Essentially what I’m saying is, whether you enjoyed the original game or have yet to play it, Mario Kart 8 Deluxe is already worth a look based solely on the virtue of the original’s qualities made portable. But then there are those extras. In the original 8, the classic Battle mode feel was stripped of its goofy charm thanks to Nintendo simply repurposing the racing courses and adding balloons, etc. It was a lame replacement, one that I personally felt would have been better not included at all… but it’s all been fixed with this re-release on Switch, and we’ve got the sort of properly designed wide-open courses that work best with Battle mode. I would be lying if I said this wasn’t the first thing I jumped into the moment the game loaded; and honestly, I can’t remember the last time I laughed aloud and talked back to the screen so much.

To be sure, Battle mode isn’t as polished as the normal racing, and I can’t really disagree with its detractors — it really is kind of dopey, mindless fun, mostly devoid of strategy. And yet it brought me right back to my childhood, when the word “multiplayer” meant my friends and I gathered around a couch, beating the stuffing out of each other in Mario Party, Mario Kart or Smash Bros. with little thought to strategy or even competition. We lived for the fun of the game, for the laughter of the ridiculous experiences we would surely encounter, and Mario Kart 8 Deluxe‘s superbly silly Battle mode – which includes such fun additions as text alerts that let you know who hit you (so you can properly go after Pink Gold Peach for revenge) – reminded me of that innocent joy in a way that I needed given the oft-challenging reality of the game industry as an adult.
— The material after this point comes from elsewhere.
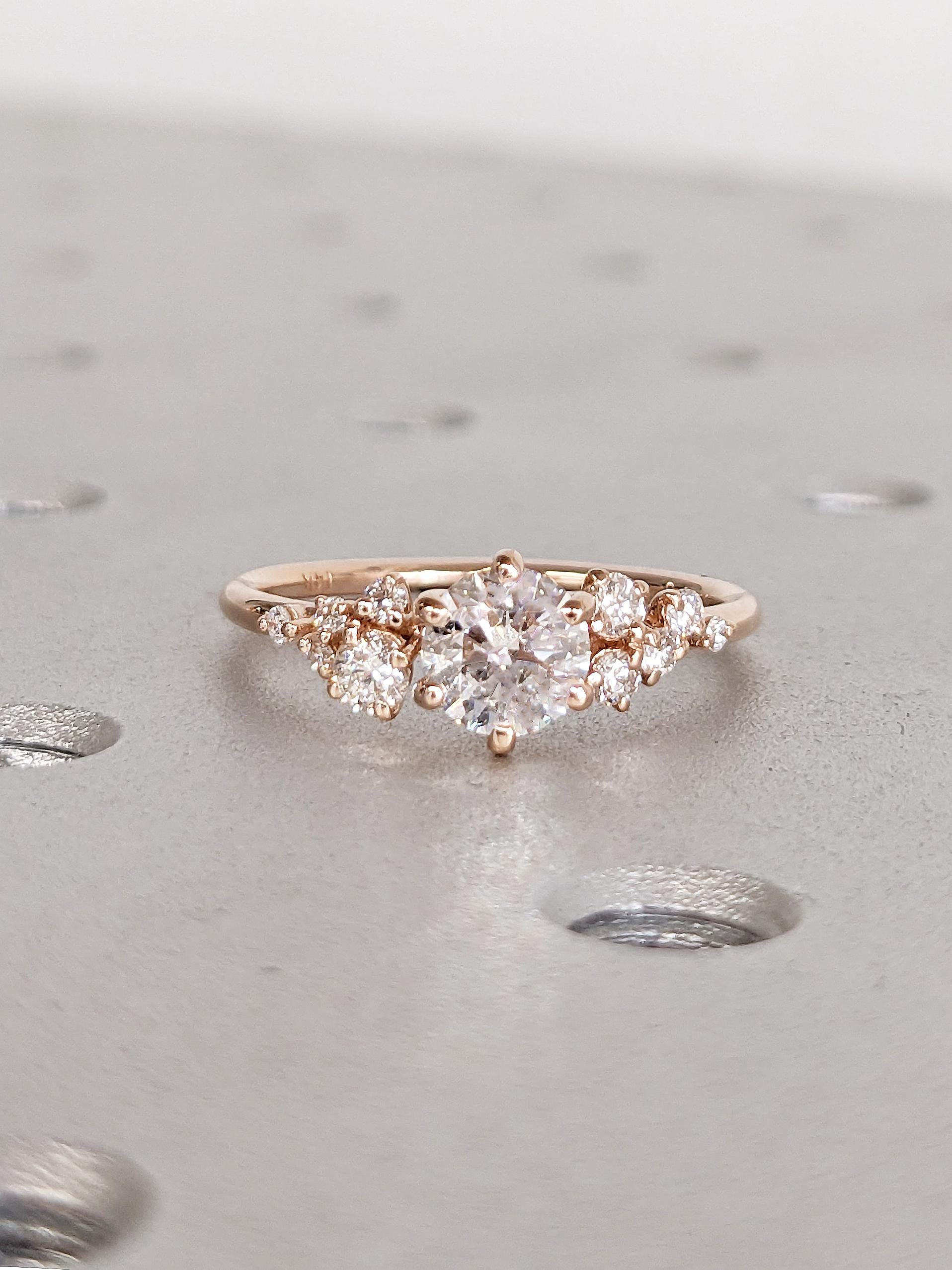 Round Cut Lab Grown Diamond Ring, Vintage 14k Rose Gold Engagement Ring, Snowdrift Diamond Cluster Ring, Art Deco Lab Created Diamond Ring

There are some neat changes to the main racing modes in Deluxe, as well. Most notable among these is that, save for one character, all courses, modes (from 50cc to Mirror mode and the blistering 200cc) and racers are unlocked right from the very start — including those that were optional DLC in the original release. Joining this batch of greats and not-so-greats for the first time are the Inkling Boy and Girl straight outta Splatoon, although it’s a shame that they don’t get their own regular racing course (they do get a Battle arena, but it would have been neat to see a mind-bending track a la Splatoon the same way Zelda, Animal Crossing and F-Zero got represented). At first, I thought not having to unlock any of these things would remove some of the fun, but with a slew of Kart parts to nab with your hard-earned Coins, that worry ended up being unfounded.

Other changes include a few wrinkles to the main gameplay mechanics. Players are now able to hold two items (a callback to Mario Kart: Double Dash!!, but without the dual-seat action), and there are “double item boxes” to account for this change. Interestingly, there doesn’t seem to be a way to swap between the items you’re holding, adding a little bit of risk-reward since you have to empty your main slot in order to access your second item.

There’s also a special third level of drift boosting accessible, and I had a lot of fun trying to find areas where I could slide along enough to build up the special pink flames that indicate it’s ready to go. Perhaps to more technical players’ dismay, the ability to “fire hop” (an exploit used to keep boosts running longer in the original Mario Kart 8) seems to have been removed. Personally, I prefer things like this remain out of games meant to be as accessible as possible, so I see it as a highly positive change.

But again, I must reiterate, the best part of Mario Kart 8 Deluxe is simply being able to take the extremely polished and fun gameplay of the original on the go with you. Whether you’re racing with CPU opponents, online foes or a group of nearby friends, the splendid course design and gorgeous graphical fidelity of this latest entry in the Kart series makes it — in my eyes — the definitive console and portable experience for this beloved franchise.

This review is based on the Nintendo Switch exclusive, which we were provided with.

Mario Kart 8 Deluxe Review
Mario Kart 8 Deluxe's improved Battle Mode is bound to bring out some people's inner child in the best way (this author very much included). As for the rest of the racing action, the tight and polished multiplayer action is as good as it's ever been - and the ability to take it on-the-go is like a dream come true.